Иван Иваныч, друг истинный, тот любит просто так, не задумываясь, не требуя чего-то взамен. Любит – и все. Здесь многое, конечно, значит, что оба – мещане, оба с юности стремятся к прекрасному, а судьба-злодейка заставляет считать выручку, копеечничать.
Иван Иваныч хвалит никитинские писания искренне, от сердца. Так же и корит и огорчается за неудачное. Жестоко сказал, что дурно написано, что надо порвать. Но ведь как сказал-то! Со слезами на глазах отверг без сожаления, хоть вчера еще и называл великим.
В расположении Второва – такая же простота и бескорыстие. Он ничего не требует от Никитина. Любит, как Иван Иваныч: просто так.
Бесхитростен и Придорогин, растрепанная добрая душа; и чудной купец с натурой художника, Михайлов Антон Родионыч. Их дружба непритязательна, приятна.
А де-Пуле?
Этого воронежского француза не сразу поймешь. Нет-нет да и покажется, что что-то припрятал Мишель, не договорил; или сказать-то сказал, а помыслил другое. Но мил, но обаятелен, а уж такту…
Но вот эти, благодетели: Александр Петрович, граф, заочный друг, прославленный Аполлон Майков? Они, кажется, чего-то ждут от него. Хотят увидеть в нем нечто такое, чем он, быть может, на самом деле вовсе и не был?
Что же? Что?
Нечаянно помог понять де-Пуле. Когда сошлись с ним поближе, когда уже и некоторые приятельские откровенности случались в разговоре, сказал однажды:
– Смешно, но, знаете, я даже как-то разочаровался в вас при первой встрече.

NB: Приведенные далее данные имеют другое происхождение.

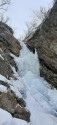 | Commento | Breve e incassata cascata, a destra della ben visibile cascata centrale. La cascata presenta una prima candeletta di una ventina di metri, seguita da una goulotte molto abbattuta. Le condizioni sono buone, anche se i primi metri della candela sono un po' alveolati e ricchi di meduse. Salendo il ghiaccio migliora.

– Что так? – улыбнулся Иван Савич.
– Да как же, помилуйте! Слышу кругом: самородок из мещан, овсом и сеном торгует… Ну-с, полагал увидеть вас стриженным в скобку, в смазных сапогах, э сетера?… А вы – в отличном сюртуке, при галстуке. В вас, знаете, этакое что-то даже заграничное проглядывало, ей-богу-с!
Тогда оба весело посмеялись над забавным Мишелевым разочарованием, но теперь…
Теперь озарило, – вот кого желали видеть в нем благодетели: мужичка.
Благолепного, покорного, сермяжного («мы-ста да вы-ста», да «как ваша милость прикажет»).
На коленях смиренно хлеб-соль подносящего господину.
И, боже мой, как все сделалось ясно – меценатство графа и ласка Александра Петровича, славословия «Пчелы» и ядовитая критика «Современника».
Ах, как сейчас нужен был друг!
И не кто-нибудь из новых, тех, что так сочувственны, так добры к нему, может быть, даже слишком добры.
Нет, не они нужны.
Иван Иваныч, испытанный, верный друг, святая душа, – вот кто был нужен. Близкий по духу человек, какой не то что слово – брошенный мельком взгляд, сдержанный вздох – все поймет.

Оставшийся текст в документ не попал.